A few things struck us about this news.

-- An airline handing out prayer cards? We haven't flown Alaska Airlines, so this was a surprise. And at first it seemed like a bit of misplaced marketing. Sure, many nervous fliers say a prayer or two. But why play into any fears?

Well, it turns out that the cards come with meals — and that the airline once saw them as a way to "fancy up the meal service since many folks like to give thanks before a meal," as one of its executives once said. So it was the food they were supposed to be praying about, not the flight. And since it was airline food, perhaps that makes some sense.

The cards have a rotating series of psalms from the Old Testament.

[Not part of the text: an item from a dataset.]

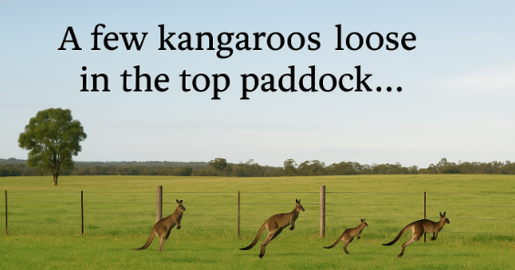 여기서 paddock은 가축을 풀어놓는 울타리로 둘러싸인 목초지를 뜻하고, top paddock은 호주에서 비유적으로 사람의 머리(정신)를 뜻한다. 머릿속이라는 들판에 캥거루가 정신없이 뛰어다니는 모습을 떠올리게 하며, 이는 누군가가 엉뚱하거나 제정신이 아닌 듯한 상태를 뜻하는 호주 특유의 유머러스한 표현으로 자리 잡았다.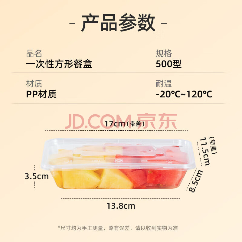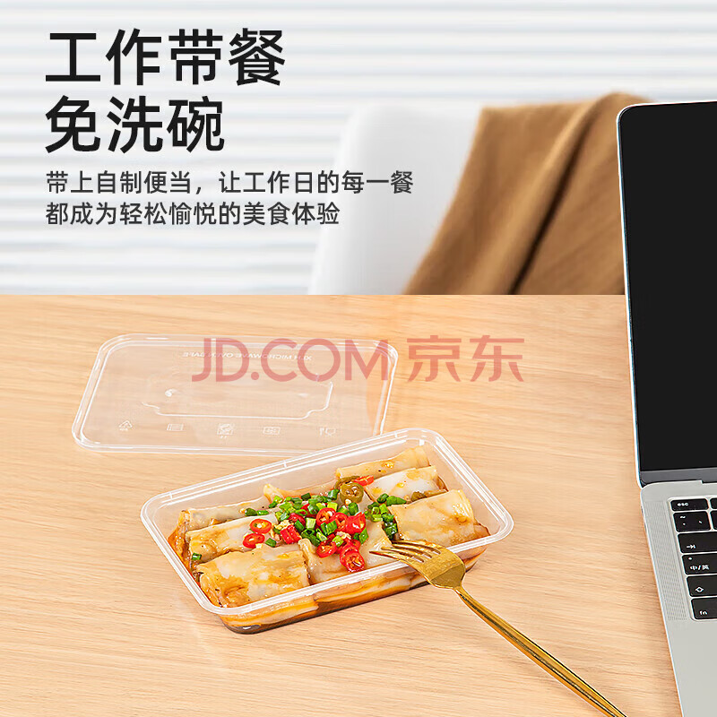 商品相册:特美居(temeiju)一次性饭盒长方形透明塑料快餐盒加厚带盖打包盒餐具50套装500型第

-- This is another sign of how times change. In an email to frequent fliers, the Times reports, Alaska Air Group CEO Bill Ayer and Alaska Airlines President Brad Tilden said the airline had been receiving a growing number of complaints from fliers who were offended. Just eight years ago, the airline said the number of thanks it got far exceeded the complaints.

-- It was a bit odd to also read that for the past six years, only first-class fliers were getting the cards. We can see why, of course, since all airlines have been cutting back on meal and drink service in coach class. No meals, no cards. But as the Anchorage Daily News writes: "Insert joke here about first-class passengers being more valuable to the airline."